Thursday, November 17th, 2016 Posted by Jim Thacker

Insydium ships Cycles 4D


Insydium has released Cycles 4D, its implementation of Blender’s Cycles renderer for Cinema 4D, making the unbiased GPU-capable engine available for both interactive previews and final-frame renders.

The software is designed to be compatible with X-Particles, Insydium’s particles and physics plugin.

Blender’s powerful Cycles renderer – directly inside Cinema 4D
We’ve written about Cycles 4D a number of times while it was in development, but Insydium now has a fuller feature list on its website, so we thought it was worth a separate story.

Insydium describes the software as a “bridge plugin allowing Cinema 4D users to access the Cycles rendering engine directly inside Cinema 4D without the need for an external application”.

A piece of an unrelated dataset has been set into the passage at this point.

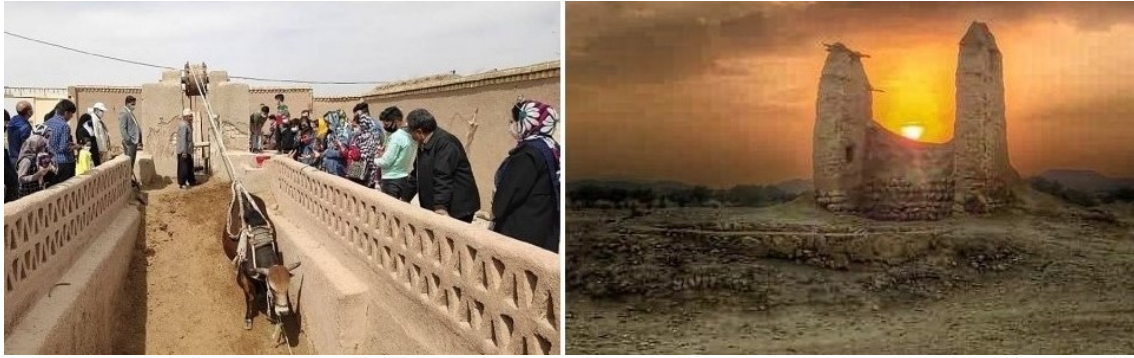
شکل ۸- سمت چپ: گاوپناه فعال در روستای ورزانه اصفهان، آثار گاوپناه قدیمی در جنوب غربی خنج فارس

It’s capable of a range of rendering effects, including SSS, microdisplacement, motion blur and depth of field, and is compatible with Cinema 4D’s native hair and Mograph systems, and with volumetrics.

As well as final-frame rendering, Cycles 4D provides an interactive Real-Time Preview window, making it possible to see the effect of changes to a scene in real time.

Comes with its own node-based material system
Unlike the standard Cinema 4D Material Editor, Cycles 4D’s material system is node-based, but is described by Insydium as working and feeling “like an extension of Cinema 4D”.

While that means that Cycles 4D isn’t compatible with standard Cinema 4D materials, it comes with its own presets. There is also an add-on set of 250 readymade materials, which will be free until January 2017.

Material setup also works in the same way as in Blender. According to Insydium founder Mike Batchelor, it should be possible to “follow any Blender Cycles tutorials 1:1 in Cycles 4D”.

Plays nicely with X-Particles
The software is also designed to be compatible with X-Particles, Insydium’s popular Cinema 4D particle and physics system, with key X-Particles properties accessible from within the Cycles 4D node graph.

You can see a range of examples on the software’s product page, covering particles, trails, smoke and fire simulations, and X-Particles’ Skinner Object.

Pricing and availability
Cycles 4D is available now for Cinema 4D R16 and above, running on Windows 7+ or Mac OSX 10.7.5+.

It supports both CUDA and OpenCL, so you should be able to use both Nvidia and AMD GPUs, although as with the Blender version of Cycles, OpenCL support is patchy.

Full licences of Cycles 4D cost £185 (around $237), including one year’s support and updates and three render nodes; additional nodes cost £60 ($77). Both prices exclude tax.

To use it with X-Particles, you’ll need to be running X-Particles 3.5; X-Particles 3.5 users get a 15% discount.